What Your CEO is Reading: Medicare For All

As the US House held its first hearing in more than a decade on Medicare-for-All last week, the New York Times and Wall Street Journal reported on the Congressional Budget Office’s (CBO’s) paper Key Design Components and Considerations for Establishing a Single-Payer Health Care System. However, unlike many CBO reports, this paper does not provide cost estimates for these proposals.

May 06, 2019

As the US House held its hearing on Medicare-for-All, the New York Times and Wall Street Journal reported on the Congressional Budget Office’s (CBO’s) paper Key Design Components and Considerations for Establishing a Single-Payer Health Care System. The report describes features of different single-payer health care systems and many design choices that policymakers would need to make to implement “Medicare-for-All” and Medicare expansion proposals. However, unlike many CBO reports, this paper does not provide cost estimates for these proposals.

Why Your CEO May Care

Your CEO may ask how likely is Medicare expansion or Medicare-for-all, and how would it affect your company’s employees, benefit offerings, or lines of business.

As the 2020 election approaches, health care expenses continue to rise faster than overall economic growth and 27 million Americans remain uninsured, lawmakers—especially progressive Democrats—are putting forth a number of health care proposals ranging from public insurance options that would be offered alongside private coverage, to expanding Medicare eligibility, to a single-payer Medicare-for-all system that would eliminate private coverage. Advocates believe that these approaches would better control costs, primarily by bringing provider payments closer to those under Medicare and reducing administrative costs. Many of these proposals would eliminate premiums and out-of-pocket costs but would require new taxes on payroll, income, and/or unearned income.
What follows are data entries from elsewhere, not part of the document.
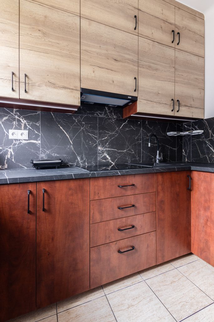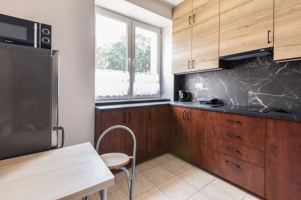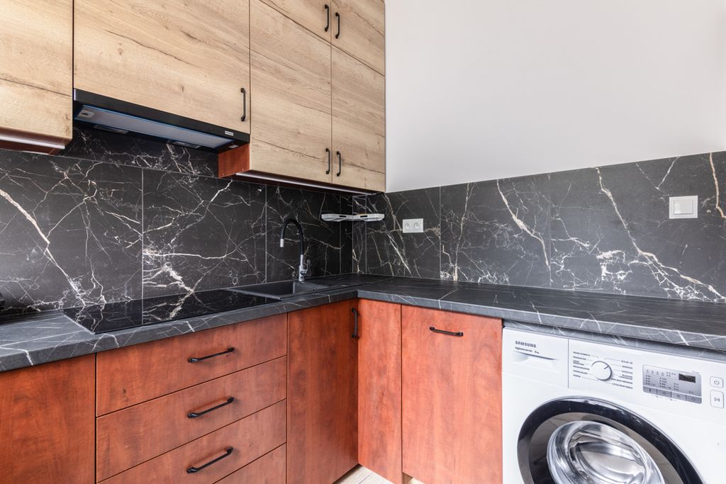 - Kuchnia: oddzielna, z nowoczesną zabudową na wymiar i wyposażeniem AGD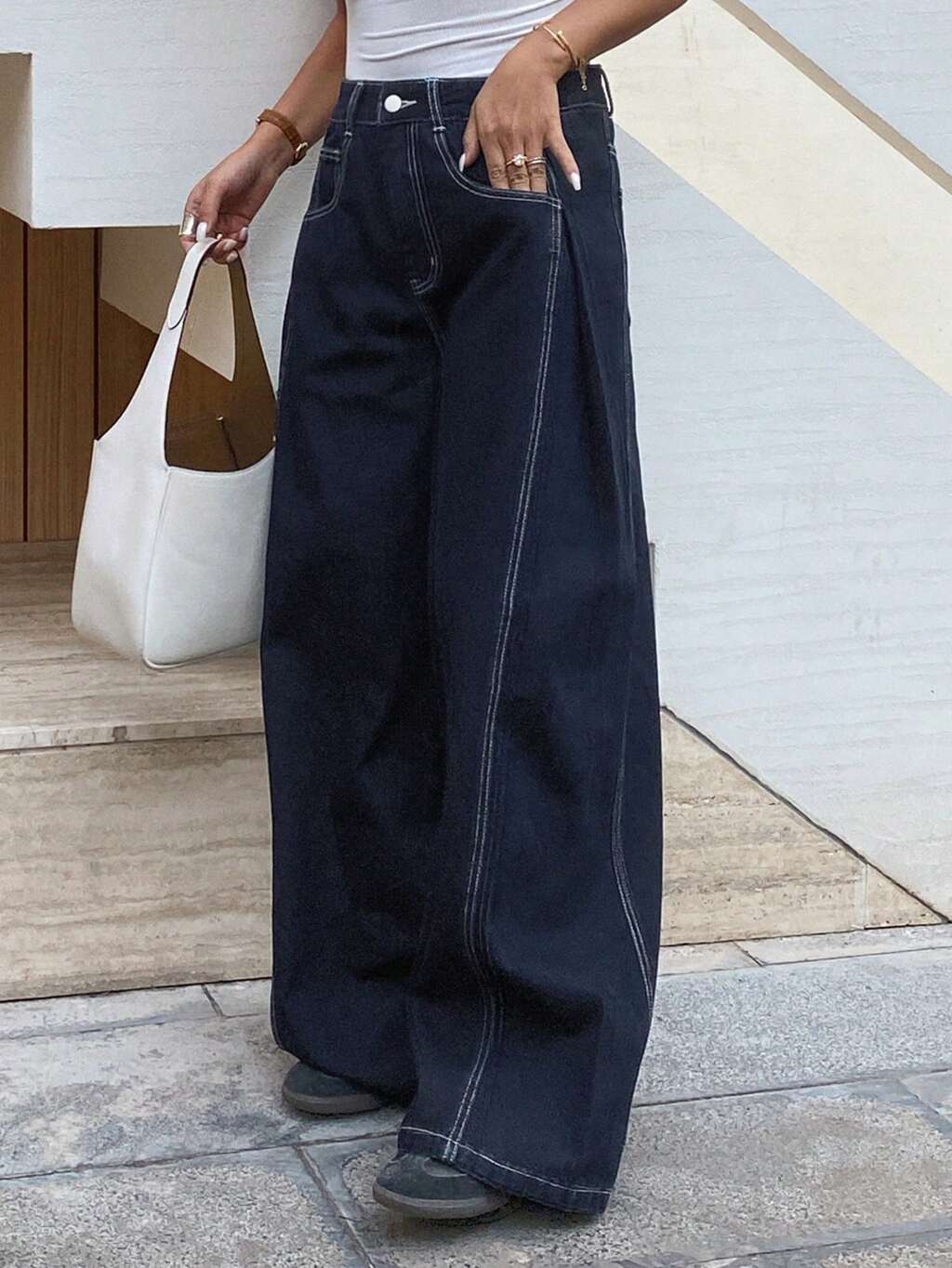Women's Regular Waist Pleated Pocket Decor Loose Wide Leg Jeans, Casual City Style
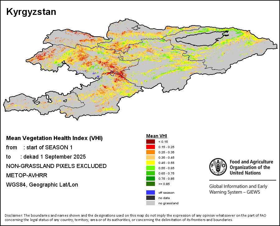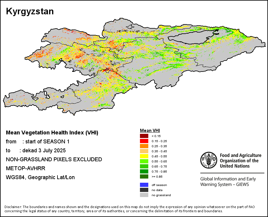 The country level maps and graphs depict the latest 36-month period of the seasonal, vegetation and precipitation indicators. The data is presented by dekad and month.   More

Though there is a lot of talk in Washington and on the campaign trail about Medicare-for-All, any change in policy is likely to be far into the future if at all for the following reasons:

  • While the proposals have broad support among Democrats, the Democratic leadership has not yet been on board and it is unclear whether a majority in the House support it;
  • It is unlikely to advance in the Senate nor be signed by the President;
  • Though a majority support the idea, support falls off when people find they may lose their existing coverage, pay higher taxes, or may wait longer for care.

Public's views of medicare for all can shift significantly after hearing information

  • As noted by the CBO, the proposals currently do not include enough details to fully assess financial and other impacts on individuals and companies. As companies compare proposals and their potential effects we will continue to evaluate proposals for the following:
  • How they would affect employer-sponsored coverage (offered alongside or replacing employer-sponsored coverage);
  • Impact on employer-sponsored retiree coverage, pre- and post-Medicare;
  • Whether they would include requirements or incentives for providers to improve quality;
  • Whether they would drive innovation to improve health care delivery and quality;
  • How they would affect costs and coverage, by income, age, health status, and geography;
  • Impacts on current health care spending (taxes, premiums, out-of-pocket costs)
  • Funding sources for the proposed system (private, federal, state, and local and the distributional impacts);
  • Whether proposed funding sources would fully fund the system and whether there are any limits on those revenue streams;
  • Assumptions for cost control;
  • Impacts on provider payment rates and the mix of payments by payer type;
  • How changes in provider payment rates and the mix of payers would affect access to care;
  • Effects on the health care workforce pipeline and the mix of specialties; and
  • Impacts on the current Medicare program, including Medicare Advantage.